Adichie also discussed feminism in her lecture.

“The world is a misogynistic space … and I worry because misogyny can come sort of wrapped in the language of love, so we hold women to higher standards, which is unfair,” she said. “We then sometimes judge them more harshly for things that we wouldn’t judge men for.”

She said she has been closely following Ketanji Brown Jackson’s Supreme Court confirmation hearings, and she feels Jackson has been questioned “in the most disrespectful, unacceptable and misogynistic way.”

“If we live in a country where a white man can scream like a toddler when he’s being questioned and he still gets confirmed, we should also get to a point where a Black woman can say “shut up” and still be praised for it,” Adichie said.

Discussing her unique perspective on race in her works, Adichie explained how her Black identity was not one she grew up with but one she came to take on when she came to America as a student.

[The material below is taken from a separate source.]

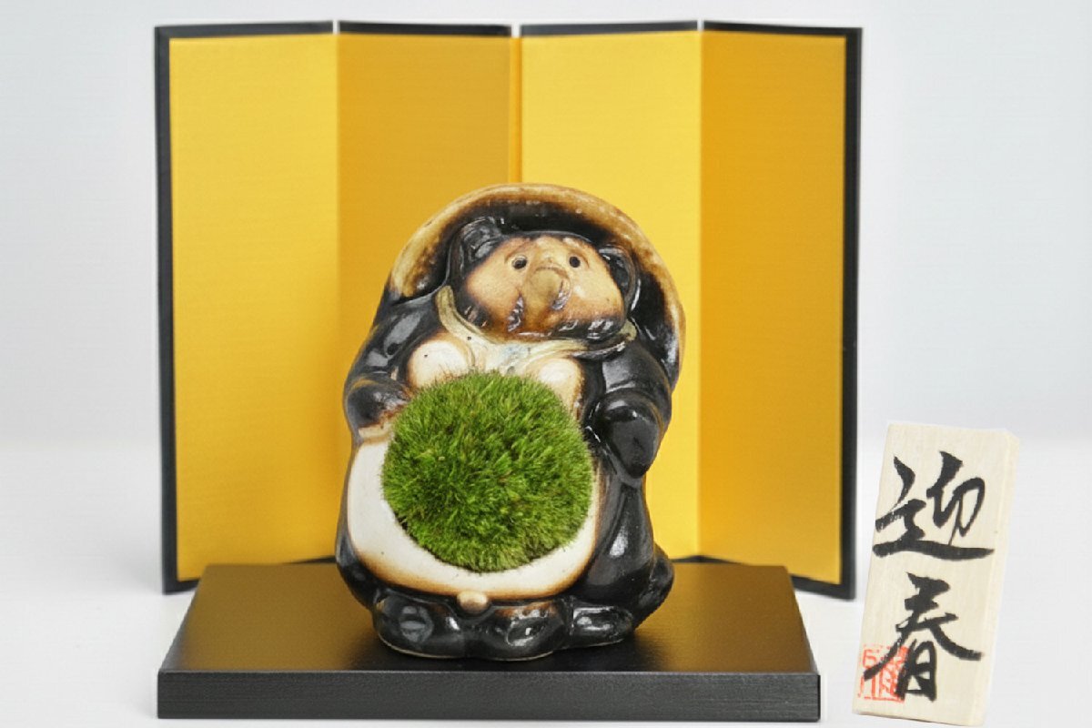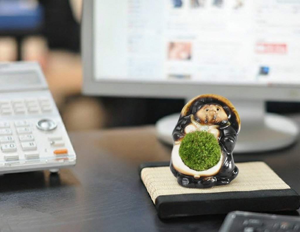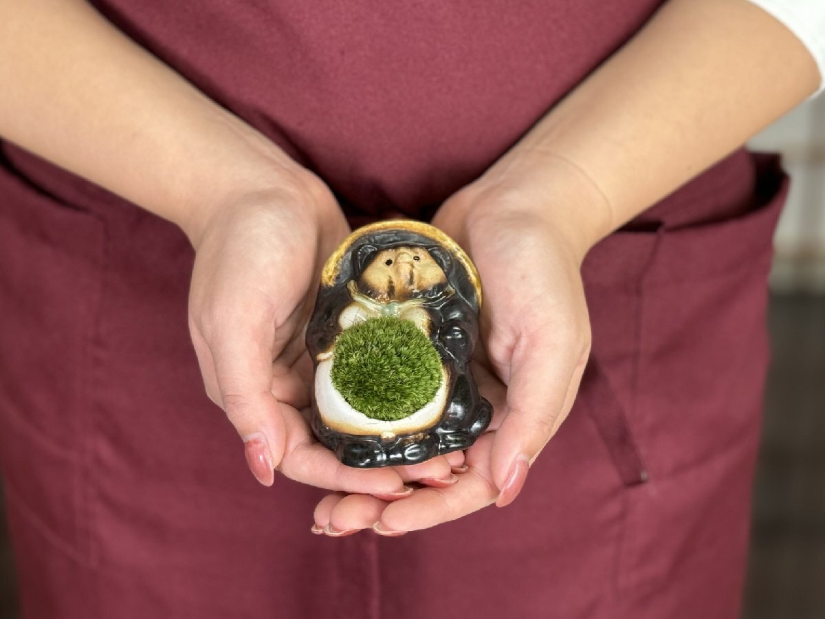盆栽は自然の風景を器に模したものになります。緑や花や紅葉といった四季を身近に感じられる良さが観葉植物と違って盆栽にはあります。都会で生活する中で四季を感じづらくなった私たちにぴったり、また盆栽の日々の成長を感じることで毎日が楽しくなり張りがでます。生活に緑をとりいれるなら盆栽をおすすめする理由です。また器にもこだわりました。より身近に盆栽をおいてもらえるように、馴染みの深いたぬきの置物を器に選びました。日本六古窯である陶器の里「信楽焼」で作られたブランド陶器、たぬきの産地といえば滋賀県信楽町です。信楽町には大勢のたぬき職人がおり、作る職人によって顔や形がそれぞれ違います。その中でもとくに愛らしい顔をつくるたぬき職人にお願いして苔盆栽の器をつくってもらうことが出来ました。愛らしいたぬき姿と苔の魅力、盆栽を楽しむきっかけになるとうれしいです。

“In Nigeria, I was an Igbo person, and I was a Catholic,” she said.I hadn’t really thought of myself in a Pan-African way, but coming to the U.S., people were asking me about Namibia, which I barely even knew was in Africa.”

She said her novel “Americanah” is about this process of “becoming Black” in a country where race is so embedded.

“If Blackness was not so fraught with negative stereotypes, I would not have felt the need to back away from it,” Adichie said. “There’s kind of this immigrant anxiety of wanting to do well and succeed, and if it means denying something that you feel isn’t the most positive, you do it anyway.”

With time, Adichie said she has come to embrace Blackness as an identity, but it is an identity that is only salient for her in America.

“When I walk into a room anywhere in America, I’m searching to see how many Black people are here ... and I do things like say hello to every Black person I see,” she said. “In Nigeria, all of that is irrelevant, and instead I’m very much alert and alive to the nuances of my femaleness.”

When asked what advice she would give writers in the audience, she said she thinks it is important that writers read. She recommended they read poetry, and rather than viewing it as a puzzle and trying to figure out what it means, she said they should read it to “let languages flow through [their] body.”